Even the mosque, whose dome and minarets dominated the town, would suffer only surface cracks should an earthquake strike.
In the distance, the Blandford cannon boomed, and Harkman sat down on the dry grass to wait for the tide to flood into the inlet. Here the water was always deeper than by Dorchester Harbour, and when t
he effect of the wave arrived twenty minutes later it was no more than about half a metre high. The little yachts were able to ride it out without difficulty, and across the water Harkman could hear the shrill, excited cries of children.

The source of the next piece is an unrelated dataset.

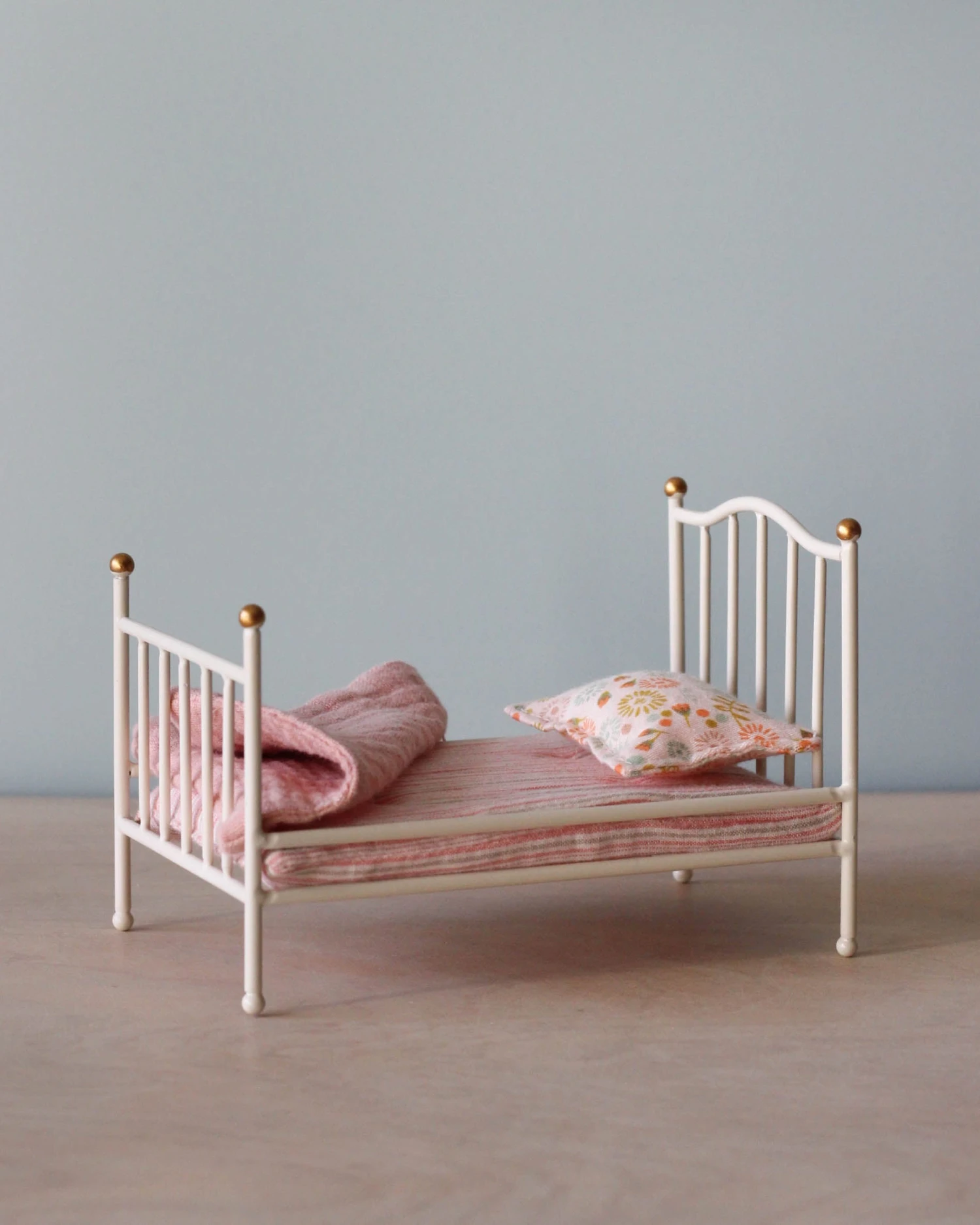 Let your Maileg friends have a sleep-over in the vintage metal bed. It comes with blanket, mattress and pillow.
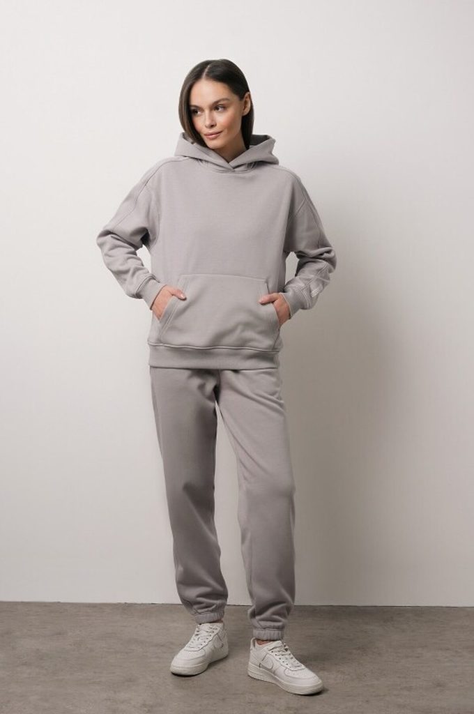 Костюм мужской спортивного стиля из петельчатого полотна «футер» 3-х нитка , состоящий из толстовки и джоггеров. Толстовка свободной формы со спущенным втачным рукавом; капюшоном и вышивкой на полочке... Показать описание, манжетами по рукавам и низу из трикотажного полотна «кашкорсе». На капюшоне люверсы и шнур, для регулировки объёма по горловине. Капюшон на подкладке из х/б трикотажного полотна-«кулирка». Джоггеры также свободной формы, с боковыми карманами, отрезным поясом на резинке. По поясу брюк кулиса, позволяющая регулировать объём изделия. Низ брюк собран на резинку. Костюм отлично подойдёт как для занятий спортом, так и вечерних прогулок. Ткань: Футер Состав: Хлопок 65%, ПЭ 35% Цвет: черный, бежевый

This was, in fact, not the wave at all, but the first ripple caused by the monstrous arrival of the main wave at Blandford Passage. But it was enough to remind Harkman of his intention to buy a skimmer the next day, and as more and more waves swept slowly down the inlet as the tide rose he was wondering if by the following evening he would have the nerve to make his first attempt at the Blandford wave.
That night, though, as he lay in his room at the Commission hostel, Harkman’s thoughts were of Maiden Castle, and of a pretty dishevelled girl with evasive eyes.
six
Julia was woken by Greg’s hands moving over her body. She lay with her back towards him, feeling him press himself against her. It was always like this in the mornings: Greg woke first, aroused, and before she was barely conscious he would want to make love. Each night, as sleep came on her, she would dread the morning, knowing the inevitability of his demands.
Still dreamy with sleep she tried to slip back, as if this alone would push him away from her.
Greg reached over her, put a hand under her cheek and turned her face towards his. He kissed her, and she felt his hot breath and moist lips on her mouth, his beard rasping on her cheek. She was limp, unresponding; she could not even make her eyes open.
‘Julia ... kiss me,’ he said hoarsely, but his mouth was against her ear now, and the words were a gassy, hissing intrusion. He thrust his hand through her legs from behind, and clutched at her sex. She turned towards him then, forcing him to take his hand away, and he put both his arms around her, kissing her voraciously. She stayed unresisting, and in a moment he pushed his way into her. She was dry and unaroused, and the gasp she gave he mistook for passion, and his movements became urgent and possessive. Through long habit she moved with him, but she felt nothing, only discomfort.